Les avatars du rétrécissement
Une reprise de l'idée de base de ce film (un voyage dans le corps humain par un être rétréci) a été plus tard réalisée par Joe Dante, le créateur des Gremlins : L'Aventure
intérieure (1987). L'histoire, sur un mode plus parodique, met en scène Dennis Quaid, rétréci et injecté accidentellement dans les fesses de la mauvaise personne, un homme complexé. Un
dialogue entre les deux personnages commence, le premier devient en quelque sorte le mentor du second ou son démon.
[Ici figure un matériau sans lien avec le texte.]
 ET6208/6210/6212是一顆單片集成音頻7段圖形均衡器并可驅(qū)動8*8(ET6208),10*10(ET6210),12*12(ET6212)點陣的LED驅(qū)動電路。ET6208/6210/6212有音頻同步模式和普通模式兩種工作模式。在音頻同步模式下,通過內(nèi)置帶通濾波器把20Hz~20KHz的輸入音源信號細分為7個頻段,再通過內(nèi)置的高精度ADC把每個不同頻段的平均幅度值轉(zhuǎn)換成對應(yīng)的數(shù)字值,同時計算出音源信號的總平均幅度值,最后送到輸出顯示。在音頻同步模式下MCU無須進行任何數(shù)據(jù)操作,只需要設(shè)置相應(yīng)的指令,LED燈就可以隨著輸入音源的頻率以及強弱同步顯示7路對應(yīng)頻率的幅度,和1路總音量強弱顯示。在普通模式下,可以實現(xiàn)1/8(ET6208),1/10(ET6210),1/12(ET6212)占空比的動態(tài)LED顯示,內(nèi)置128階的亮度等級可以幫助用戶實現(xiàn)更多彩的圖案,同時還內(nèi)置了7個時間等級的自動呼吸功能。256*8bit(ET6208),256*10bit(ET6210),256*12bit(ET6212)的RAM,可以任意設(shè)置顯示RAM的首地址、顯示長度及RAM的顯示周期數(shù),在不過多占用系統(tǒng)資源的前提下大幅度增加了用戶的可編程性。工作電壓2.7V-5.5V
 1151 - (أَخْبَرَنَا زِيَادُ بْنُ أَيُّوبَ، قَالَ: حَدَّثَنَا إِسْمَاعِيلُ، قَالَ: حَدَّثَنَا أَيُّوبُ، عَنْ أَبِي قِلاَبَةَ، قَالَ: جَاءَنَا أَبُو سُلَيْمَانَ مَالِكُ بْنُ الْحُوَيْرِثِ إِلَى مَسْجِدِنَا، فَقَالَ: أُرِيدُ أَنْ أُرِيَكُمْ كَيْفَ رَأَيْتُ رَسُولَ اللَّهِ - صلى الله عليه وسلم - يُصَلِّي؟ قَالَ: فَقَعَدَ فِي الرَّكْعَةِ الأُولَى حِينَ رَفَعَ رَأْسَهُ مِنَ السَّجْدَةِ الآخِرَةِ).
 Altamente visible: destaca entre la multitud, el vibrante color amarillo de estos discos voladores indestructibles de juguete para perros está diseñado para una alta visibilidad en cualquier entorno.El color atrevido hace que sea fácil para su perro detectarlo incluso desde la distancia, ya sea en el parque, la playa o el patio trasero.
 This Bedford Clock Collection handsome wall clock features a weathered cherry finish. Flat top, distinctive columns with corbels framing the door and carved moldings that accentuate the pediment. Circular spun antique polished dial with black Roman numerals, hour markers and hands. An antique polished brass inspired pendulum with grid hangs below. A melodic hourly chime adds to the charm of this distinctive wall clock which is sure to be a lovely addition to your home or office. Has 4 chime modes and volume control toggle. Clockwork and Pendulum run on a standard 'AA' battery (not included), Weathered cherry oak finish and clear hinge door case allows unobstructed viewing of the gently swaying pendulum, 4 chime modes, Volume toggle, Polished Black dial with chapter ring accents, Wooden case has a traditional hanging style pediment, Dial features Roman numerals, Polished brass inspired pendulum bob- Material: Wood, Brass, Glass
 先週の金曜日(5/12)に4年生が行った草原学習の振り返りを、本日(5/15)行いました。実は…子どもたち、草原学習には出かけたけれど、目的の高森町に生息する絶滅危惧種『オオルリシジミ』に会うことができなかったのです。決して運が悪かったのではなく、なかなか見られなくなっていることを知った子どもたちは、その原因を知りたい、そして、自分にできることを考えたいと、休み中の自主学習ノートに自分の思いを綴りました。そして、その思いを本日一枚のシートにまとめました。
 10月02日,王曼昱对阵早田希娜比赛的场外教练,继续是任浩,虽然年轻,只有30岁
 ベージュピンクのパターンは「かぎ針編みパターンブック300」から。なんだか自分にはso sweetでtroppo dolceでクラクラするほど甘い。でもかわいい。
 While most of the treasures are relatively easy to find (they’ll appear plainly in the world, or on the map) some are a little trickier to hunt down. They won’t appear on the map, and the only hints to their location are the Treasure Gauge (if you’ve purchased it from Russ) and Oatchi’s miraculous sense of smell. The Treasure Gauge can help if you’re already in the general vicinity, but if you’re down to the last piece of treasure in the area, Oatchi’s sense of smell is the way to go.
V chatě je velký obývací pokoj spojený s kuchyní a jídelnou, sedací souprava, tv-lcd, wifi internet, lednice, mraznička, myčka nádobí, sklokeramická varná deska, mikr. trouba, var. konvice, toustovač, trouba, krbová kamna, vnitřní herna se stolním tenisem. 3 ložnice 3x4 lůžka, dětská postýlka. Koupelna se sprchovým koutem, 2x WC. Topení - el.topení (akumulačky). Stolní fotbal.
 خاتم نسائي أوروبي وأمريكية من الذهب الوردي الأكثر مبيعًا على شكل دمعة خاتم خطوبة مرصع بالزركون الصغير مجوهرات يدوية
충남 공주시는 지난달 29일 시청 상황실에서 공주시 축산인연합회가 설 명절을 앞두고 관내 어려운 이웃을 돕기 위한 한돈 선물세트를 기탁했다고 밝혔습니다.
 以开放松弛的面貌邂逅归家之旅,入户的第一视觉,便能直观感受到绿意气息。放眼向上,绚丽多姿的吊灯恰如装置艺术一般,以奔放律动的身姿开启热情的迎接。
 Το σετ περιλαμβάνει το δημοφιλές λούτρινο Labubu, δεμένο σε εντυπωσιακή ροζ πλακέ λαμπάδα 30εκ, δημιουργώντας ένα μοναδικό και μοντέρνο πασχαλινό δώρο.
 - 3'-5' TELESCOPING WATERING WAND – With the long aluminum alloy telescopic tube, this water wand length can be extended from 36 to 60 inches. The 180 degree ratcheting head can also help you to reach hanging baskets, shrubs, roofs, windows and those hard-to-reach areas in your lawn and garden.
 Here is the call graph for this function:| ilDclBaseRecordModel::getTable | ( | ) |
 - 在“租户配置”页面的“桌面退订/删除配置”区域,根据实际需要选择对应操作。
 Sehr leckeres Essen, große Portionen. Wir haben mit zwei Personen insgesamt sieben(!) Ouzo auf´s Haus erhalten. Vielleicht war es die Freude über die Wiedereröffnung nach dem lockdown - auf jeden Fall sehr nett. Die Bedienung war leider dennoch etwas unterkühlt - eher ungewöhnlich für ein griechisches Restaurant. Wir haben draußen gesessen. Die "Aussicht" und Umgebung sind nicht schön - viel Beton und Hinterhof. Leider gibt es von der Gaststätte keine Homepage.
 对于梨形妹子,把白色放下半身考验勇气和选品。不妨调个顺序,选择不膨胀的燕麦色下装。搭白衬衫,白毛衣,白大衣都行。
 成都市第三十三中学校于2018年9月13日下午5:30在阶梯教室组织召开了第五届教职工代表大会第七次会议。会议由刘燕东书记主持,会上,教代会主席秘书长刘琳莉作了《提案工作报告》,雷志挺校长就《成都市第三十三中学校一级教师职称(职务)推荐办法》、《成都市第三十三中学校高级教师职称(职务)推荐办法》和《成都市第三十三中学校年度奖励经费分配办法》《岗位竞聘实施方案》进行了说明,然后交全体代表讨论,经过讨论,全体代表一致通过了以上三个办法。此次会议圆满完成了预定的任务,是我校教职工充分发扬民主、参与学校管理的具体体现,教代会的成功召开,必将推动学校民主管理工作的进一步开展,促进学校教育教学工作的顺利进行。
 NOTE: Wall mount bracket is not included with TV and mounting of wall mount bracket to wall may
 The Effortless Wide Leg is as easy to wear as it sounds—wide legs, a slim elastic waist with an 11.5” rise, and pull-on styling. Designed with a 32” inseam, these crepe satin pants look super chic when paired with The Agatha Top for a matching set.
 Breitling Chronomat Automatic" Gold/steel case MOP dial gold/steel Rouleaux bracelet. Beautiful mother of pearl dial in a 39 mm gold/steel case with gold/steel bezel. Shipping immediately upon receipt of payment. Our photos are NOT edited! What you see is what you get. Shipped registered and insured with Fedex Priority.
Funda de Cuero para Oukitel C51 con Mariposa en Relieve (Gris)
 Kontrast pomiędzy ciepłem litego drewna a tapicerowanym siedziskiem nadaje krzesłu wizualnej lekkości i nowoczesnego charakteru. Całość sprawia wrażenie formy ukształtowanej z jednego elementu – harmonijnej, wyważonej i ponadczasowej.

Dans le Marvel Cinematic Universe, le personnage d'Ant-Man joue des changements
d'échelle comme d'un pouvoir de compensation donnant à un personnage considéré comme un minable la possibilité de rejoindre le groupe élitiste des nouveaux Prométhée hollywoodiens.
Si Le Voyage fantastique est plastiquement intéressant, il n'en reste pas moins bancal, notamment sur le plan idéologique. Isaac Asimov lui-même, sans remettre en cause la qualité du
film, a voulu significativement en réécrire l'histoire : « Mon roman Le voyage fantastique fut publié en 1966. C'était, en réalité, la novélisation d'un film dont le scénario avait
été écrit par quelqu'un d'autre. J'avais suivi d'aussi près que possible les péripéties de l'intrique, ne modifiant que les inconséquences scientifiques les plus insupportables. Je n'ai jamais
été satisfait de ce roman – bien qu'il ait très bien marché /../ - simplement parce que je n'ai jamais eu l'impression qu'il était vraiment de moi. Lorsqu'on m'a proposé d'écrire un autre roman
sur le même thème /../, je n'ai accepté qu'à condition de le rédiger à ma manière. Voici donc un deuxième Voyage fantastique Destination Cerveau. On en tirera peut-être un film, mais le
texte ne lui devra rien. Pour le meilleur et pour le pire, c'est mon roman. » Il est malheureux mais sûrement symptomatique aussi qu'aujourd'hui nous pouvons plus facilement trouver la
première version de l'histoire que la deuxième.